Het gebruik van algoritmen in de overheid verandert de manier waarop bureaucraten werken en beslissingen nemen op verschillende gebieden, zoals gezondheidszorg of strafrecht. Experts pakken de transparantie-uitdagingen aan van het gebruik van algoritmen in besluitvormingsprocedures op macro-, meso-, en microniveaus in deze speciale uitgave van Informatiebeleid .
Algoritmen voor machinaal leren hebben een enorm potentieel om overheidsdiensten eerlijker en effectiever te maken en hebben het potentieel om de besluitvorming te "bevrijden" van menselijke subjectiviteit, volgens recent onderzoek. Algoritmen worden in veel openbare-dienstcontexten gebruikt. Bijvoorbeeld, binnen de rechtsorde is aangetoond dat algoritmen recidive beter kunnen voorspellen dan strafrechter.

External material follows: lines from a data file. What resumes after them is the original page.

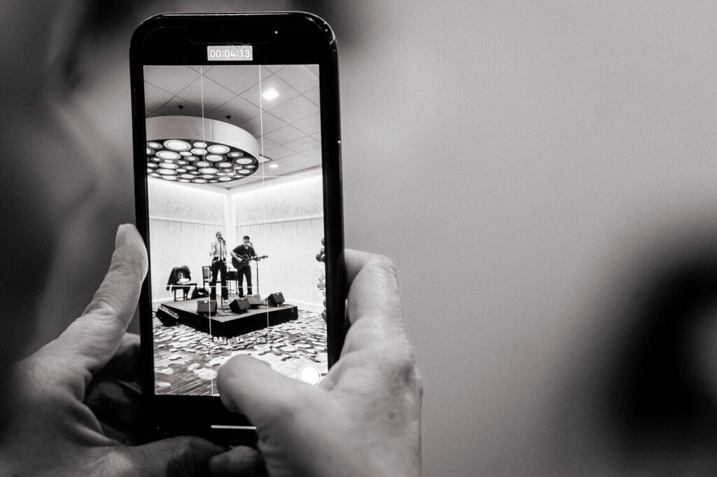 Capturing moments from a live performance alongside the reactions of guests helps document the atmosphere of the event and the connection between the entertainment and the audience.
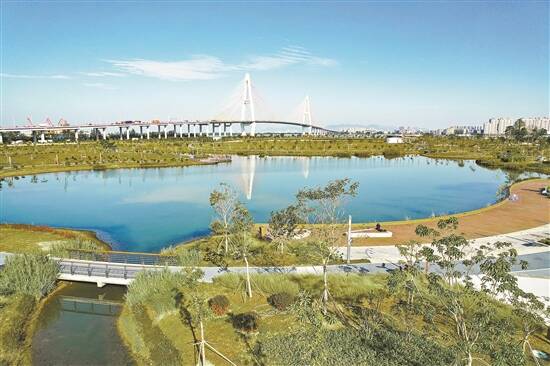 塑造山海生态廊道,用好用活原生自然文化资源是关键一招。据介绍,南滨绿地公园盘活周边资源,将轮渡渡口、工业遗址、妈祖庙等文化场地修旧如旧;保留和修复场地内的自然山体、古树名木、坑塘湿地,破除硬化地面,对土壤、岸线进行生态修复,种植抗风、耐盐碱乡土树种,丰富生物多样性。
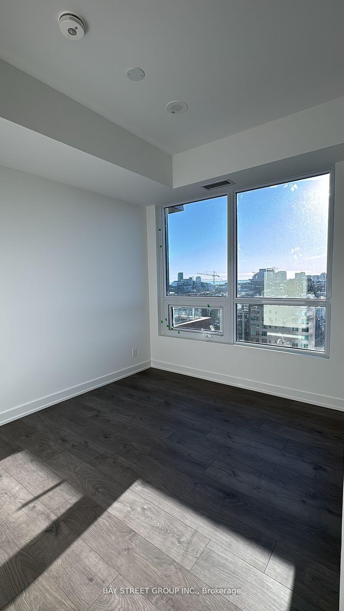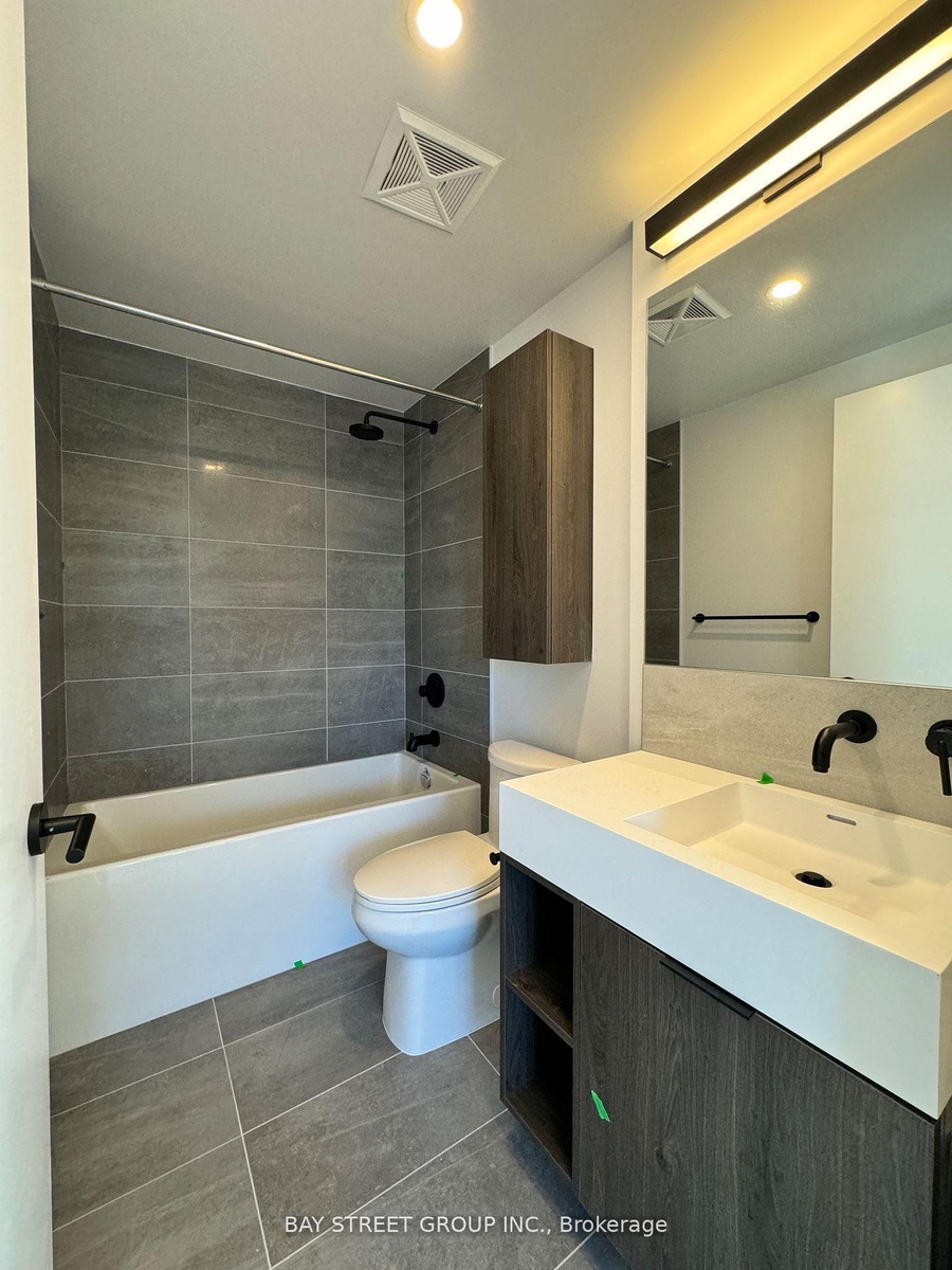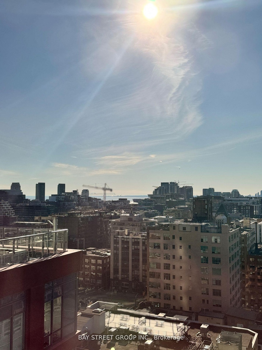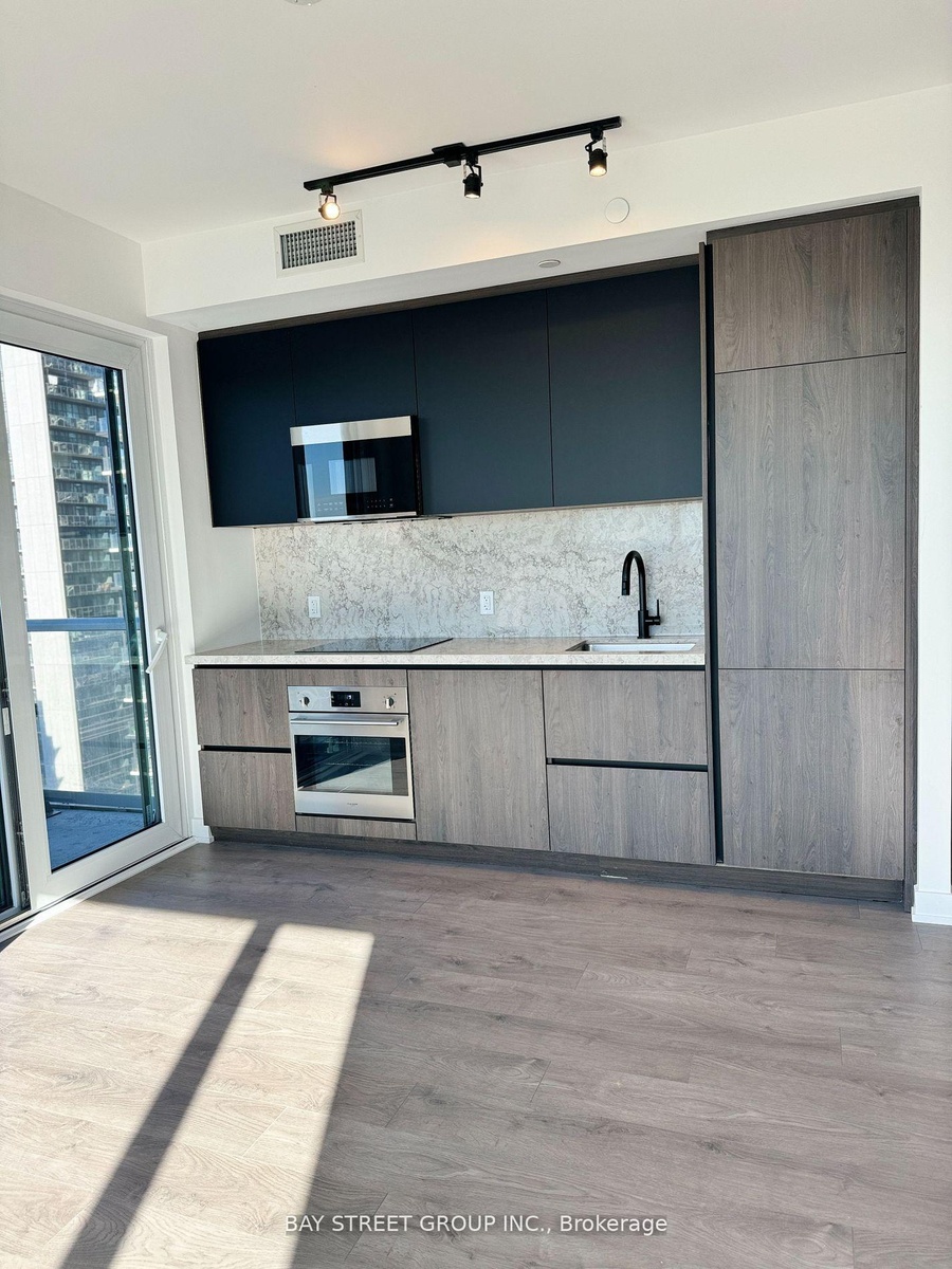 Prime Location in the Vibrant Heart of Toronto's Entertainment District. This never-occupied suite offers 746 sq ft of interior space, featuring a private balcony, 2 bedrooms, a den, and 2 bathrooms. The modern designer kitchen and bathrooms are complemented by laminate floors throughout, 9 ft ceilings, and sleek quartz countertops with a matching backsplash. Additional highlights include a spacious walk-in laundry closet, providing both style and functionality in a prime location.

Tegelijkertijd, critici wijzen op verschillende gevaren van algoritmische besluitvorming, zoals raciale vooroordelen en gebrek aan transparantie.

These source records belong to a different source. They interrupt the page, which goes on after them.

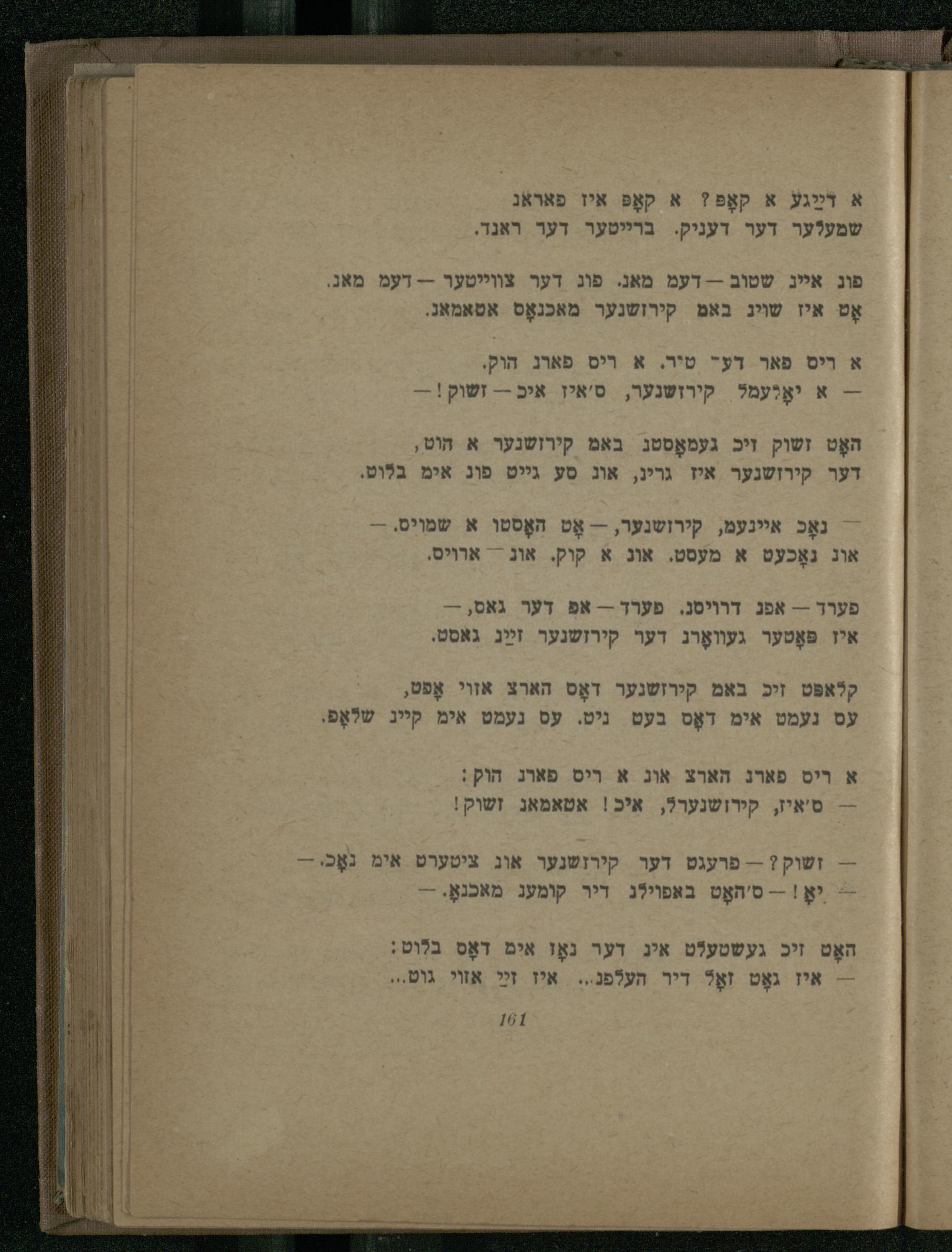 -- זשוק?-- פרעגט דער קירזשנעו אוג ציטערט אימ נאָכי-= יאָ!-- ס'האָט באפוילג דיר קומענ מאכנאָ.-
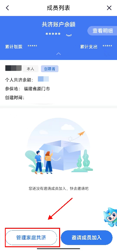 参加福建省内基本医保的参保人(参保状态需为“正常参保”)可创建家庭共济账户,将个人账户资金划拨至家庭共济账户,并添加参加福建省内基本医保的配偶、父母、子女、兄弟姐妹、祖父母、外祖父母、孙子女、外孙子女等直系亲属、近亲属(参保状态需为“正常参保”)为共济账户成员。
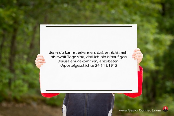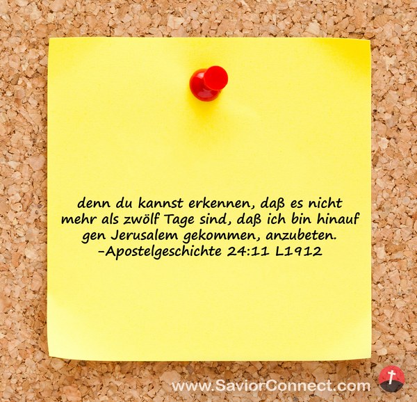 denn du kannst erkennen, daß es nicht mehr als zwölf Tage sind, daß ich bin hinauf gen Jerusalem gekommen, anzubeten. -Apostelgeschichte 24:11 L1912

Sommige wetenschappers hebben betoogd dat de introductie van algoritmen in besluitvormingsprocedures diepgaande verschuivingen kan veroorzaken in de manier waarop bureaucraten beslissingen nemen en dat algoritmen bredere organisatorische routines en structuren kunnen beïnvloeden. Dit speciale nummer over transparantie van algoritmen presenteert zes bijdragen om ons conceptuele en empirische begrip van het gebruik van algoritmen in de overheid aan te scherpen.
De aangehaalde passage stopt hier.